THE STAMP, 10min., USA, Comedy
Directed by Sharon Mayo
A satire on how to complete a task within government bureaucracy.
I graduated from NYU University in 2001 and ended up working in post production for 15 years in different spaces -- the government space, the corporate space and the broadcast space just to name a few.
One of my most infuriating jobs was for a government contractor. I'm a woman with a high work ethic who likes to get tasks done in the most efficient manner to make the most of my time. This short film is based upon my experiences of being too much of a go-getter, too ambitious, too much in general for a government space. When I tried to conform to the job, I found myself miserable and felt that my talents were being wasted.
In retrospect, I now realize the importance of working in an environment that encourages innovation and imagination is key to uplifting society as a whole.
I made this film to highlight three main statements:
1. Your environment can kill your creativity and imagination if you stay within it long enough.
2. There's a reason why the energy at the DMV or the Post Office can be somewhat suicidal and,
3. A new job may promise money for financial freedom but can be at the cost of your mental health.
Wrap this all up in a package (where my strengths are in post and improvisational comedy) and the results are the short film satire, The Stamp.
Get to know the filmmaker:
1. What motivated you to make this film? I used to be a government contractor and one day, the person who did a specific task was out for the day. I thought I was doing everyone a favor when I decided to do it myself so I can finish my assignment early. Apparently not. I was told that I was threatening other people's job for going above and beyond, so I wanted to examine that under a comedic lens.
2. From the idea to the finished product, how long did it take for you to make this film? This took about a year. I came up with the idea in September/October 2021 when I started graduate school, we shot it in late January or March -- I don't recall because our shoot was postponed twice. First, our lead actor got strep and I didn't want to recast. Then, New York was hit with omicron variant of COVID, so we had to reschedule again for everyone's safety. Then, post and audience feedback started my second year at Columbia and now, I'm trying to figure out how to navigate the festival circuit for the first time.
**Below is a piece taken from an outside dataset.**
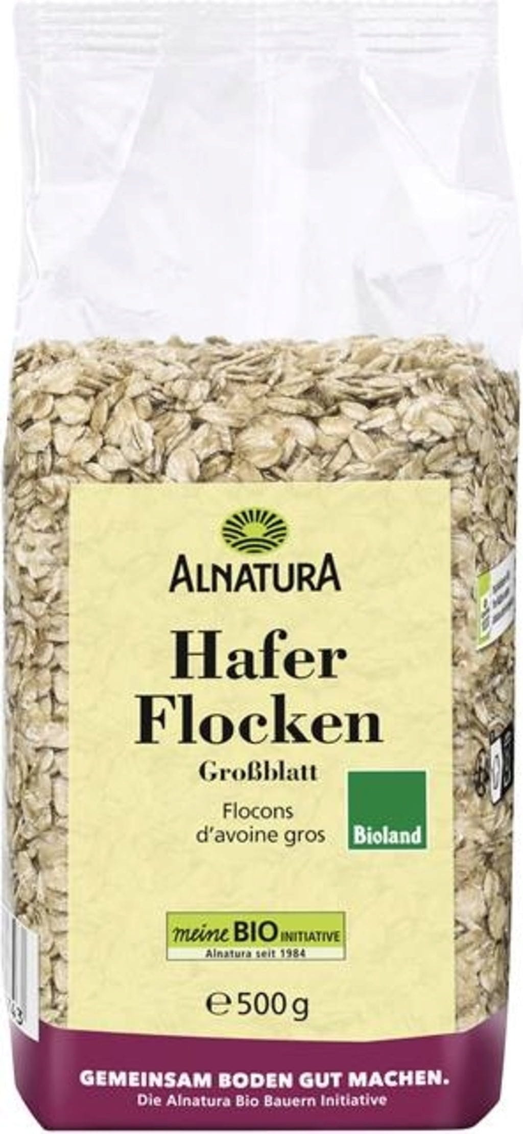 Klassikern inom frukostmüsli - Alnaturas storbladiga havreflingor från ekologiskt jordbruk är gjorda av hela havrekorn och smakar utmärkt i müsli och yoghurt, med mjölk, i sojadryck och mycket mer.

3. How would you describe your film in two words!? Save Yourself.
4. What was the biggest obstacle you faced in completing this film? I didn't back up my footage and my drive died! So ALWAYS backup your footage. I had to cobble together the rough cut exports and recut it somehow that it wasn't completely a waste of everyone's time. However, using a second generation of footage affected the look of the film. I was hoping audiences will forgive the technical misgivings if they are entertained by the story.
5. What were your initial reactions when watching the audience talking about your film in the feedback video? I can't believe a bunch of strangers who don't know me or these actors think this is funny! And they understood the story I was trying to tell. It's nerve-racking when you start showing films to people who have no idea who you are.
6. When did you realize that you wanted to make films? When I realized I am one of those people that has something to say. Doing it through film was the best way to communicate to a vast audience.
7. What film have you seen the most in your life? Seven by David Fincher
8. What other elements of the festival experience can we and other festivals implement to satisfy you and help you further your filmmaking career? What this program is doing is already great. I guess, where to go from here? Other festival suggestions?
9. You submitted to the festival via FilmFreeway. How has your experiences been working on the festival platform site? Great.
10. What is your favorite meal? A full dinner at Mama's Fish House in Maui, Hawaii. I had the best dinner of my life there and that was a decade ago.
11. What is next for you? A new film? I'm a creative producing concentrate, so primary focus is graduation. I'm currently in preproduction on two thesis films -- a western with two lady outlaws and a workplace musical.